Unzip the downloaded archive (I’m using JDBC4 package), and open SQLDeveloper.
You will have to add third-part connectors from preferences -> database -> Third party JDBC driver. Add all the jars included in your archive

~/Downloads/Cloudera_HiveJDBC_2.5.4.1006/Cloudera_HiveJDBC4_2.5.4.1006/libthrift-0.9.0.jar
~/Downloads/Cloudera_HiveJDBC_2.5.4.1006/Cloudera_HiveJDBC4_2.5.4.1006/HiveJDBC4.jar                                           
~/Downloads/Cloudera_HiveJDBC_2.5.4.1006/Cloudera_HiveJDBC4_2.5.4.1006/log4j-1.2.14.jar
~/Downloads/Cloudera_HiveJDBC_2.5.4.1006/Cloudera_HiveJDBC4_2.5.4.1006/TCLIServiceClient.jar                                   
~/Downloads/Cloudera_HiveJDBC_2.5.4.1006/Cloudera_HiveJDBC4_2.5.4.1006/ql.jar
~/Downloads/Cloudera_HiveJDBC_2.5.4.1006/Cloudera_HiveJDBC4_2.5.4.1006/hive_metastore.jar                                      
~/Downloads/Cloudera_HiveJDBC_2.5.4.1006/Cloudera_HiveJDBC4_2.5.4.1006/slf4j-api-1.5.8.jar
~/Downloads/Cloudera_HiveJDBC_2.5.4.1006/Cloudera_HiveJDBC4_2.5.4.1006/hive_service.jar                                        
~/Downloads/Cloudera_HiveJDBC_2.5.4.1006/Cloudera_HiveJDBC4_2.5.4.1006/slf4j-log4j12-1.5.8.jar
~/Downloads/Cloudera_HiveJDBC_2.5.4.1006/Cloudera_HiveJDBC4_2.5.4.1006/libfb303-0.9.0.jar

Once added, restart SQL Developer, and ohhh, awesome, a new tab “Hive” magically appeared 🙂

Screen Shot 2014-10-25 at 15.07.30

Open this tab and create a new connection to your HiveServer2 as follows

Screen Shot 2014-10-25 at 14.22.29

And test connection ! Assuming HiveServer2 / Hive Metastore is running, your connection should be established and a new Hive Worksheet should pop up. At this stage, connection From SQL Developer to Hive is up, but SQL are executed on Hive, not Spark !
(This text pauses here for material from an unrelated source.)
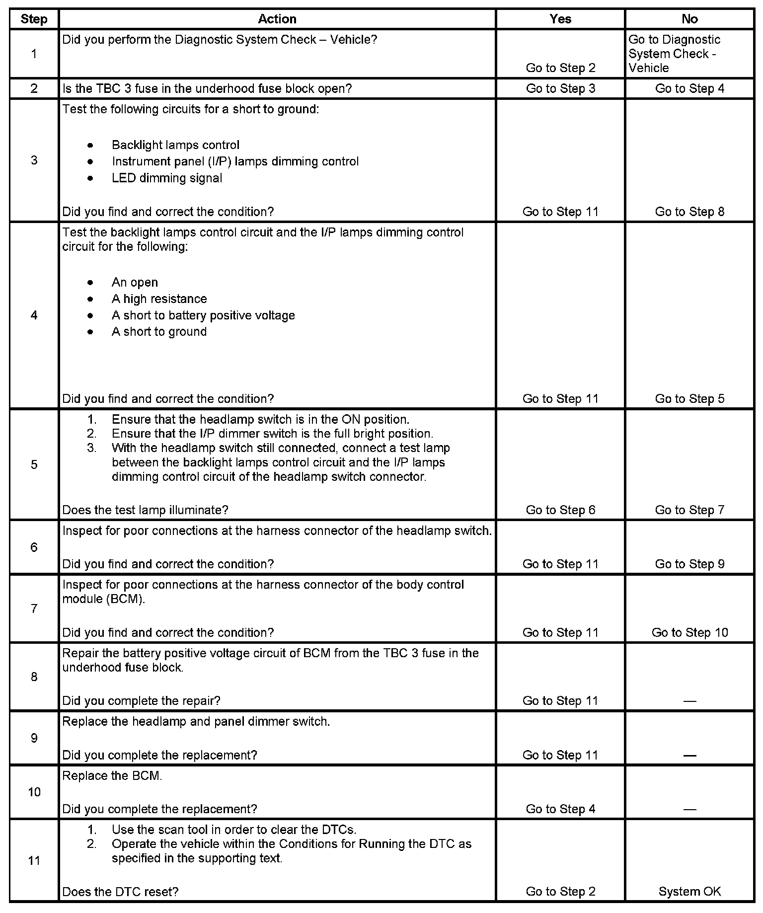 - The backlight lamps control circuit is open, shorted to ground, or shorted to battery positive voltage.

Screen Shot 2014-10-25 at 15.15.43

Now we need to switch back to Spark !

The goal is now to use Spark thrift interface in lieu of vanilla HiveServer2. Stop HiveServer2 daemon, and start Spark thrift interface as follows..
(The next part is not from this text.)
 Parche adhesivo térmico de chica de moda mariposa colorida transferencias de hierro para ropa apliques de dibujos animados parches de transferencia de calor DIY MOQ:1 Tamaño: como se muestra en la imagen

vagrant@vagrant:~/usr/lib/spark/sbin/start-thriftserver.sh --master yarn-client
Spark assembly has been built with Hive, including Datanucleus jars on classpath
../..
14/10/25 15:11:49 INFO service.AbstractService: Service:OperationManager is inited.
14/10/25 15:11:49 INFO service.AbstractService: Service: SessionManager is inited.
14/10/25 15:11:49 INFO service.AbstractService: Service: CLIService is inited.
14/10/25 15:11:49 INFO service.AbstractService: Service:ThriftBinaryCLIService is inited.
14/10/25 15:11:49 INFO service.AbstractService: Service: HiveServer2 is inited.
14/10/25 15:11:49 INFO service.AbstractService: Service:OperationManager is started.
14/10/25 15:11:49 INFO service.AbstractService: Service:SessionManager is started.
14/10/25 15:11:49 INFO service.AbstractService: Service:CLIService is started.
14/10/25 15:11:49 INFO hive.metastore: Trying to connect to metastore with URI thrift://192.168.56.101:9083
14/10/25 15:11:49 INFO hive.metastore: Waiting 1 seconds before next connection attempt.
14/10/25 15:11:50 INFO hive.metastore: Connected to metastore.
14/10/25 15:11:50 INFO service.AbstractService: Service:ThriftBinaryCLIService is started.
14/10/25 15:11:50 INFO service.AbstractService: Service:HiveServer2 is started.
14/10/25 15:11:50 INFO thriftserver.HiveThriftServer2: HiveThriftServer2 started
14/10/25 15:11:50 INFO thrift.ThriftCLIService: ThriftBinaryCLIService listening on 0.0.0.0/0.0.0.0:10000
../..

Looking at application master log file, Spark is actually embedding its own HiveServer2 into a Spark job. Connection will be apparently dropped if Spark job ends up, so make sure Spark job is not killed !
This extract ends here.